WHAT TO WORK ON »
Quote every line of the data below as it stands, omitting pictures.

GIVEN MATERIAL »

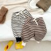 Calças casuais de veludo do bebê outono e inverno engrossado da moda listrado grande calças PP para meninos e meninas bebê inverno calças quentes para sair
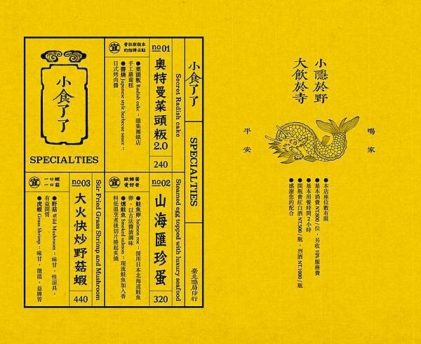 基本用餐2小時,開瓶費紅白酒500/瓶,烈酒1000/瓶
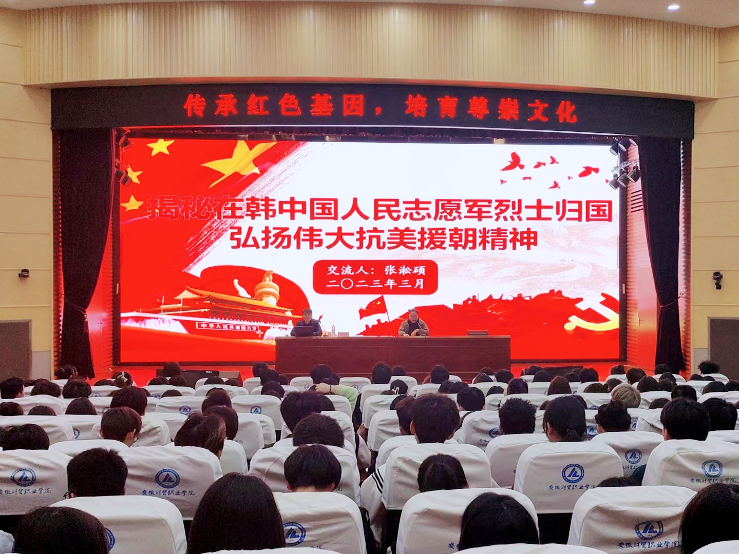 根据安徽省教育厅转发关于印发《“传承红色基因培育尊崇文化”系列主题活动方案》的文件精神和安徽省退役军人事务厅推荐,活动特邀退役军人事务部“百名老兵红色宣讲团”成员、安徽省直机关工委讲师团“身边讲堂”成员张淞硕同志来校开展《揭秘在韩中国人民志愿军烈士遗骸归国,弘扬伟大抗美援朝精神》专题讲座。
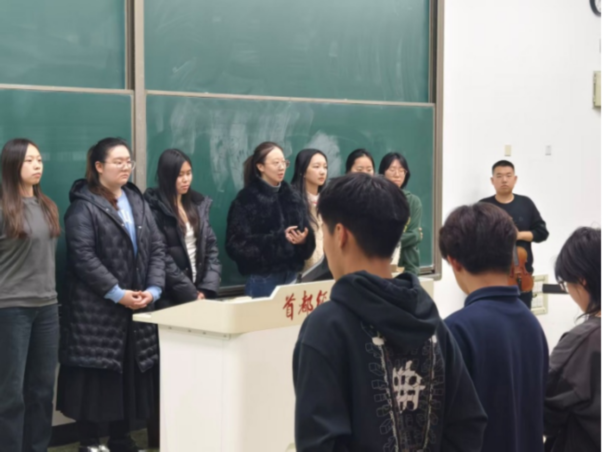 11月24日晚,新澳门六合彩高手论坛 团委书记郭奕彤以及主席团成员特意前来观摩一二·九合唱比赛排练进度。合唱团成员准备充足,信心满满,完整地向老师和主席们表演了一遍歌曲,随后,郭奕彤对同学们传达了寄语。她充分肯定了同学们近一个月的排练成果,并希望同学们要继续弘扬爱国精神,展现新时代青年的风貌。

EXERCISE OUTPUT »
 Calças casuais de veludo do bebê outono e inverno engrossado da moda listrado grande calças PP para meninos e meninas bebê inverno calças quentes para sair
 基本用餐2小時,開瓶費紅白酒500/瓶,烈酒1000/瓶
 根据安徽省教育厅转发关于印发《“传承红色基因培育尊崇文化”系列主题活动方案》的文件精神和安徽省退役军人事务厅推荐,活动特邀退役军人事务部“百名老兵红色宣讲团”成员、安徽省直机关工委讲师团“身边讲堂”成员张淞硕同志来校开展《揭秘在韩中国人民志愿军烈士遗骸归国,弘扬伟大抗美援朝精神》专题讲座。
 11月24日晚,新澳门六合彩高手论坛 团委书记郭奕彤以及主席团成员特意前来观摩一二·九合唱比赛排练进度。合唱团成员准备充足,信心满满,完整地向老师和主席们表演了一遍歌曲,随后,郭奕彤对同学们传达了寄语。她充分肯定了同学们近一个月的排练成果,并希望同学们要继续弘扬爱国精神,展现新时代青年的风貌。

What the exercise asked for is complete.